The bigger issue may be that they will publish (as I understand it) their data and methodology. If done, this will allow for sorting out the rural stations, either using the BEST methods or a method one thinks might be superior.
This study might allow us all to get past the “Great Dying Off of the Met Stations” issue. If it also gives solid data and transparent adjustments, those issues can be gotten past, too.
It is, of course, the consensus here that those three issues were never dealt with, and that dealing with them may turn out to make skepticism passé. Our bet is that BEST will show CRU to be dead wrong. Predictions like, “You’re wrong, suckah!” is what science is all about. Such antagonism is supposed to lead to better efforts , with their better results – and that is what we have all been yearning for.
Must be one hell of an idea if it makes Mr Watts go “DOH!” 🙂
” Theo Goodwin says: March 6, 2011 at 11:27 am
The BEST project is an attempt to revive the meme of scientific consensus. ”
Time will tell if they are attempting to revive scientific consensus or the scientific method. We can only hope for the latter and hold their feet to the fire if they don’t. That is the role of a skeptic. The fact that they know the likes of M&M are going to go over things with a fine tooth comb makes me give the BEST project the benefit of the doubt for now.
Charlie A wrote with high confidence:
“For example, I can sample the power consumption of your house at random intervals of around once per hour. Even if you have many appliances that go on and off for intervals much shorter than an hour, after acquiring once per hour samples over several months, the statistics of instantaneous power usage of the samples will approach the actual statistics of true power usage. The sampled average power consumption will rather rapidly converge with the actual power consumption.”
Time sampling at stations is not random. Spatial placement of stations is not random; they are placed near places where people live (and therefore expand). Weather flying over a station is not a white noise. True statistics and spectral limits of these processes are largely unknown. Total duration of random sampling must be much longer than the lowest period of weather-climate events, which is about a time between ice ages, if not much longer. In short, the simple example of sampling appliance power without formulating all necessary assumptions about statistical properties of the process and sampling gives a good example why the surface temperature numerology is so screwed.
Regarding the BEST project, the best these academics can do is to define proper measuring methodology. However, given that the sampling at one point of boundary layer of the tree-dimensional turbulent temperature field is no proxy for anything related to energy imbalance, even finest method will produce unphysical garbage.
If you check the sources for that Reconstructed Temperature chart, at least 6 of the 10 papers were from Hockey Team members, and the eleventh curve is Hadley CRU.
I disagree with those who claim the project is a waste.

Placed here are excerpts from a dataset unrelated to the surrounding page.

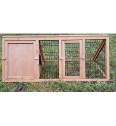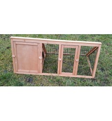 Malá králikáreň vhodná pre malé zakrslé králiky, morčatá, škrečky a iné malé zvieratá. Rozmery: šírka 118 cm, hĺbka 50 cm, výška 45 cm.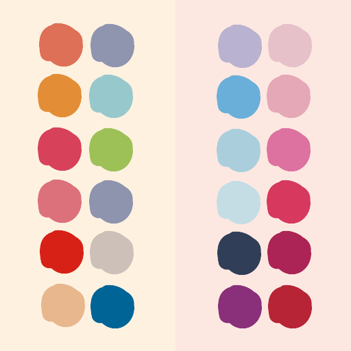사람마다 잘 어울리는 색상과 톤이 있다는 것은 알겠는데 나는 어떤 컬러가 잘 어울리는지 모르겠다면 다음의 팁을 활용해 보세요. 아래 그림은 웜톤과 쿨톤의 대표적인 베이스 컬러입니다. 화장을 하지 않은 내 얼굴을 보고 노란끼가 더 있는지 핑크기가 더 있는지 한번 확인해 보세요. 손을 올려놓고 확인할 수 있는 경우도 있지만 그것은 손의 피부톤이 얼굴과 유사할 경우에만 가능해요. 저 같은 경우에는 선크림을 안 바르는 손과 팔은 이미 갈색이라 비교가 불가능하더라고요.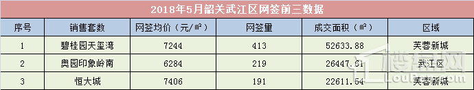 韶关5月区域楼盘销量榜中,武江区销量最多的依旧是芙蓉新区,其中碧桂园天玺湾、奥园印象岭南、韶关恒大城网销均位于区域销售榜前三;其中碧桂园天玺湾网签413套,排名排名前列;奥园文化旅游城韶关印象岭南网签219套,排名第二;韶关恒大城网签191套,排名第三。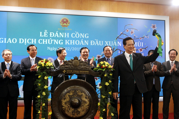| Premierminister Nguyen Tan Dung schlägt den Gong zum Auftakt der Börse des Jahres der Ziege. (Foto: vietnamnet.vn) |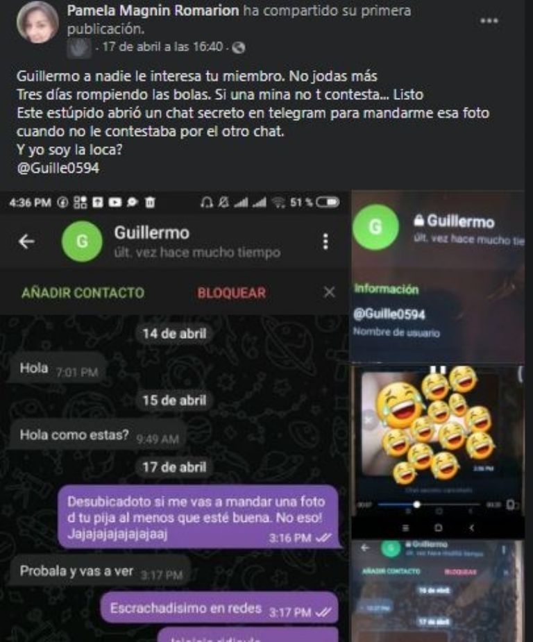 Según hizo público la receptora de las imágenes, el sujeto, un acosador cibernético de nombre "Guillermo", creó un fallido chat secreto en la plataforma Telegram porque ella no le contestaba los habituales de WhatsApp.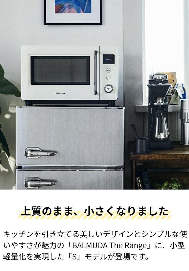 他の画像を見る 上質なシンプルデザイン、小型軽量の電子レンジ。機能は直感的に使える5つのモード。操作音はギターのサウンドで遊び心があり、生活に気持ちよく溶け込みます。 電子レンジ BALMUDA The Range S (バルミューダ ザ・レンジ S) KRN01JP 小型 コンパクト おしゃれ シンプル デザイン家電 キッチン 調理家電 フラット ごはん ご飯 解凍 単機能 一人暮らし 500W 600W 800W 900W ブラック 黒 ホワイト 白 当店特別価格 ¥ 39,600 税込 詳細を見る お気に入りに登録する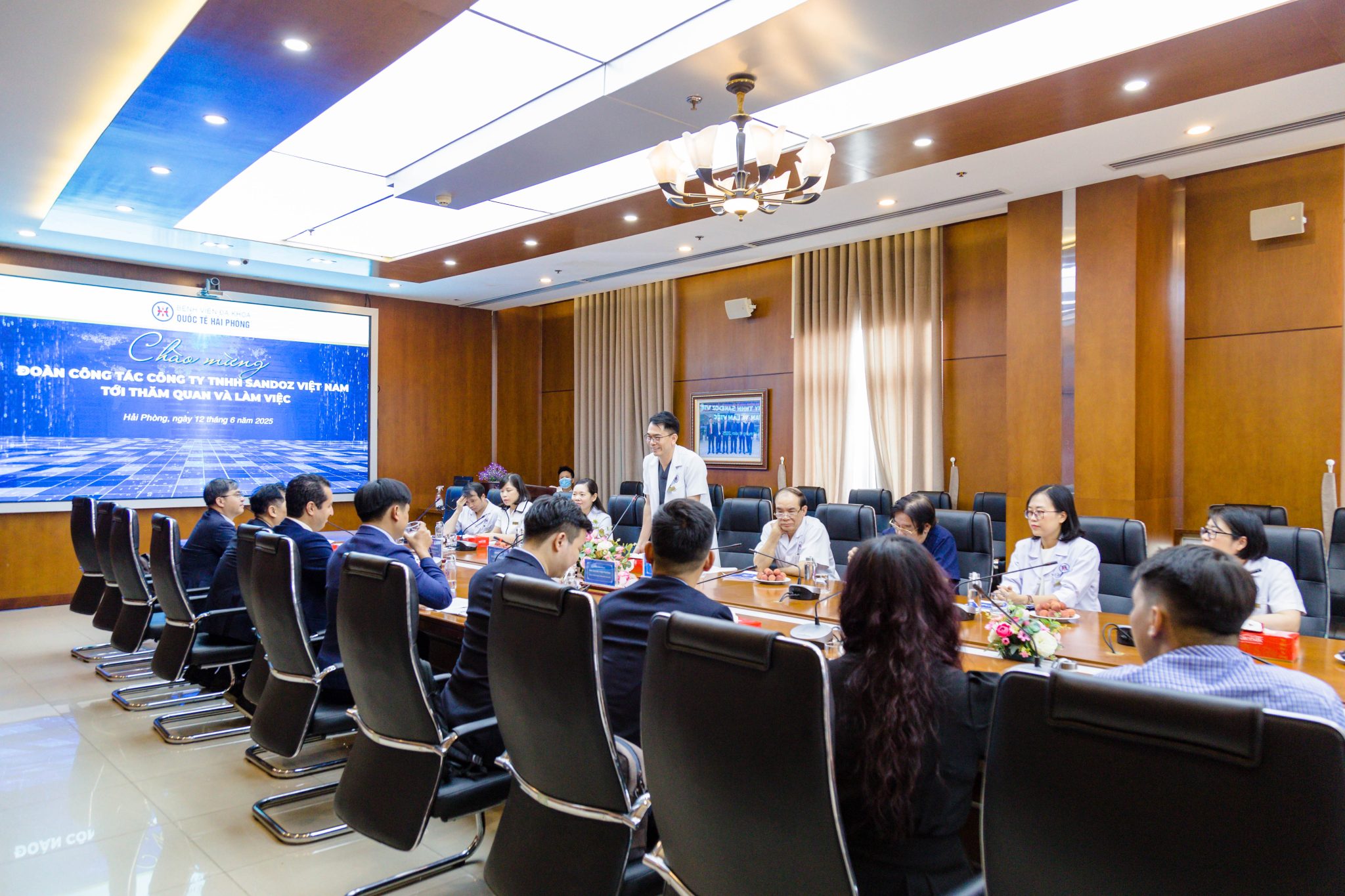 Trong không khí cởi mở và thân tình, hai đơn vị đã có những giới thiệu tổng quan, trao đổi, chia sẻ về các hoạt động đồng hành trong công tác điều trị cho người bệnh cũng như các hoạt động khoa học giữa Bệnh viện đa khoa quốc tế Hải Phòng và Công ty TNHH Sandoz Việt Nam. Đoàn cũng đã tham quan hệ thống cơ sở vật chất, mô hình hoạt động tại các Khoa của Bệnh viện.

One of the fundamental, legitimate complaints of the skeptics has been that both the data base from which the purported AGW signal has been statistically teased and the methods of teasing out that signal are suspect. This project promises to expose both to the light of day for all to see. Let the chips fall wherever they fall in the pursuit of truth for its own sake! Arguments for or against AGW are farts in a whirlwind without a dependable, common point of departure. This project has the potential to provide that common point. What AGW proponents and skeptics do with that common point is another matter entirely.